Bucket Sort — Practice Tasks¶
All tasks must be solved in Go, Java, and Python.
Beginner Tasks¶
Task 1: Implement Bucket Sort from scratch for an array of floats in [0, 1). Use n buckets and Insertion Sort as the inner sort. Handle the boundary x = 1.0 correctly (clamp to bucket n-1).
Go¶
package main
func BucketSort(arr []float64) []float64 {
// TODO: implement
return arr
}
func main() {
in := []float64{0.42, 0.32, 0.23, 0.52, 0.25, 0.47, 0.51}
_ = in
}
Java¶
public class Task1 {
public static double[] bucketSort(double[] arr) {
// TODO: implement
return arr;
}
public static void main(String[] args) {}
}
Python¶
def bucket_sort(arr):
# TODO: implement
return arr
if __name__ == "__main__":
bucket_sort([0.42, 0.32, 0.23, 0.52, 0.25, 0.47, 0.51])
- Constraints: O(n + k) average time; pass test cases for empty, single, all-equal, descending, and boundary-1.0 inputs.
- Expected Output:
[0.23, 0.25, 0.32, 0.42, 0.47, 0.51, 0.52]. - Evaluation: correctness, boundary clamp, average complexity justified in a docstring.
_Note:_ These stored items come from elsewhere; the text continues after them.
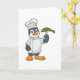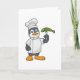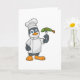 Tarjeta Pingüino como cocinero con delantal de pescado y c
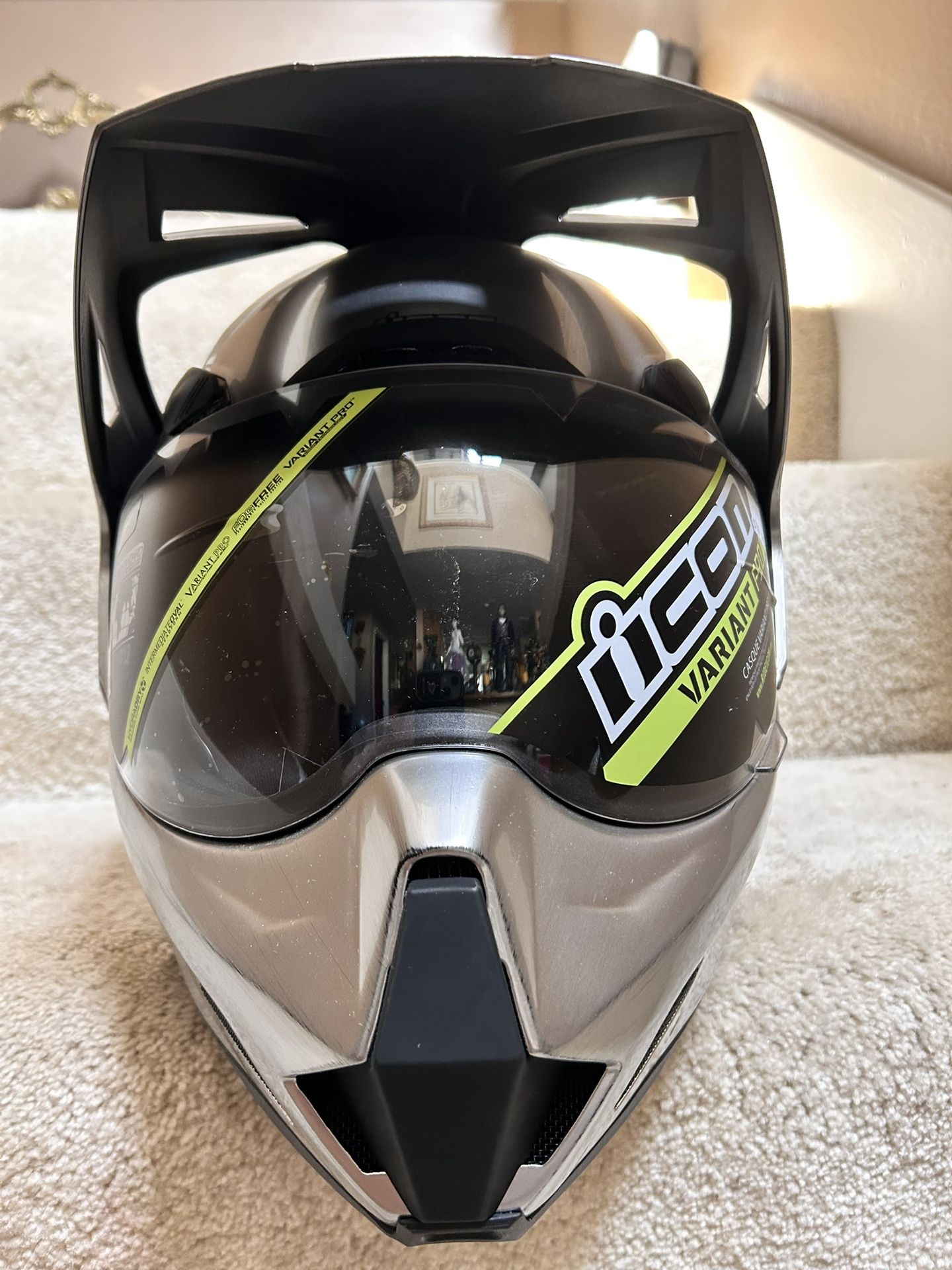Icon variant pro helmet Gloss silver design Never used DOT certified ECE Quicksilver Tags: Motorcycle bike suzuki honda yamaha kawasaki Japanese American harley buell cruiser sportbike rr bmw ducati aprilia gsxr cbr r6 r1 zx evo crf kx yz 250 450 125 rm atv quad
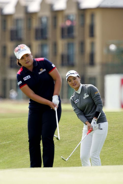 [OSEN=스포츠부] 박인비(25, KB금융그룹)와 유소연(23, 하나금융그룹)이 브리티시 오픈 공식 연습라운드 중 3번홀에 나란히 서서 어프로치 연습을 하고 있다.
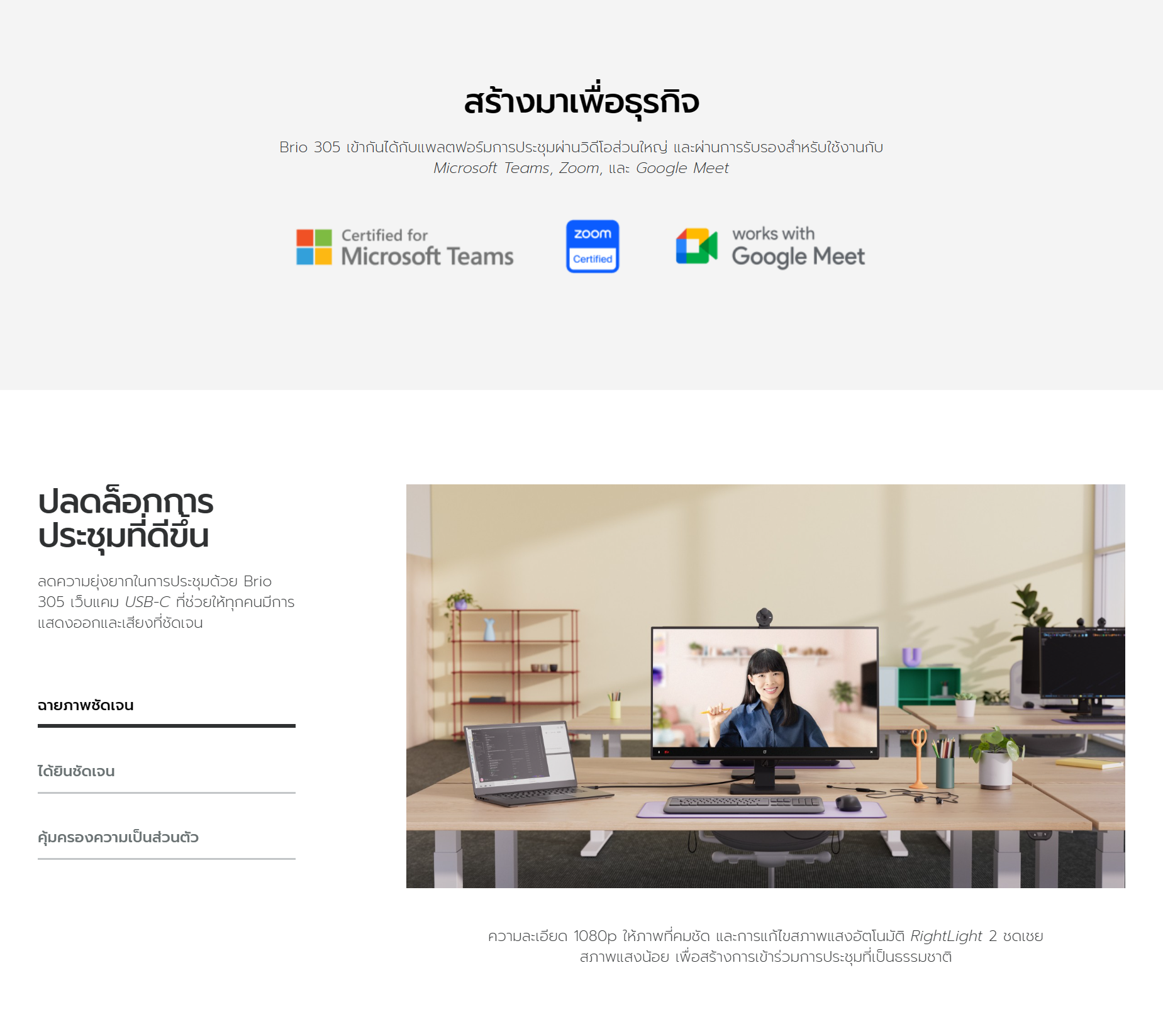ปรับสมดุลความสว่าง ปรับความเปรียบต่าง และชดเชยสภาพแวดล้อมที่แสงมีความท้าทายโดยอัตโนมัติ เพื่อสร้างการนำเสนอที่เป็นธรรมชาติ
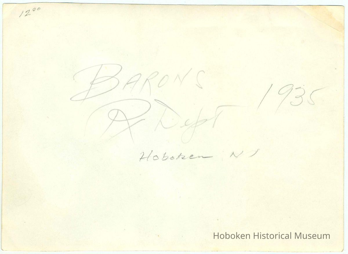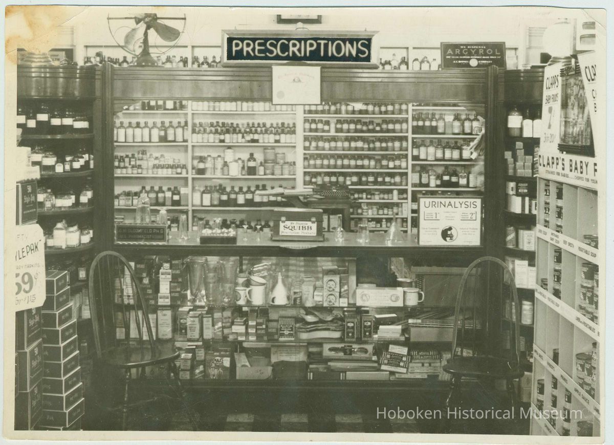 Black-and-white photo of the prescription department of Baron's Drugstore, Hoboken, 1935. 4-3/4" high x 6-3/4" wide print. Reverse has holographic pencil annotations, some contemporary, some modern.
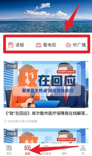 2、进入融媒栏目后,可选择读报、看电视或听广播等功能,方便用户在线获取多种形式的本地媒体内容。

Task 2: Implement Bucket Sort for integers in a known range [lo, hi]. The mapping function is idx = (x - lo) * k / (hi - lo + 1). Use k = n buckets.
Go¶
Java¶
Python¶
- Constraints: integer mapping, no floating-point unless necessary; handle negative values.
- Expected: sorts
[42, 32, 23, 52, 25, 47, 51, 10, 99, 1]within[0, 100]correctly.
Task 3: Write a function that returns the histogram (bucket counts) of input floats in [0, 1) for k = 10 buckets. This is the scatter phase only — no inner sort, no gather.
Go¶
Java¶
Python¶
Input: [0.05, 0.15, 0.25, 0.12, 0.18, 0.0, 0.95]
Output: [2, 2, 2, 0, 0, 0, 0, 0, 0, 1] (count per bucket)
- Constraints: O(n) time, O(k) space.
- Use case: building a histogram for distribution profiling; foundation for two-pass Bucket Sort.
Task 4: Detect skew. Given an input array and a bucket count k, return the ratio max_bucket_size / avg_bucket_size. Return 1.0 for a perfectly uniform input, larger for skewed input.
Go¶
Java¶
Python¶
- Constraints: O(n + k) time.
- Test: uniform input → ratio close to 1; all-equal input → ratio close to
k. - Production use: alert when
skew_ratio > 5during a live sort.
Task 5: Implement Bucket Sort using linked lists as the bucket type. Insert each element in sorted order during scatter (combines scatter and inner sort). Avoid using a separate sort function.
Go¶
type Node struct {
Val float64
Next *Node
}
func BucketSortLinked(arr []float64) []float64 {
// TODO: scatter into linked lists, inserting in sorted order
return arr
}
Java¶
public class Task5 {
static class Node { double val; Node next; Node(double v){val=v;} }
public static double[] bucketSortLinked(double[] arr) { return arr; }
}
Python¶
class Node:
__slots__ = ("val", "next")
def __init__(self, val, nxt=None):
self.val = val
self.next = nxt
def bucket_sort_linked(arr):
# TODO
return arr
- Constraints: O(n²) worst case (single bucket), O(n) average for uniform input.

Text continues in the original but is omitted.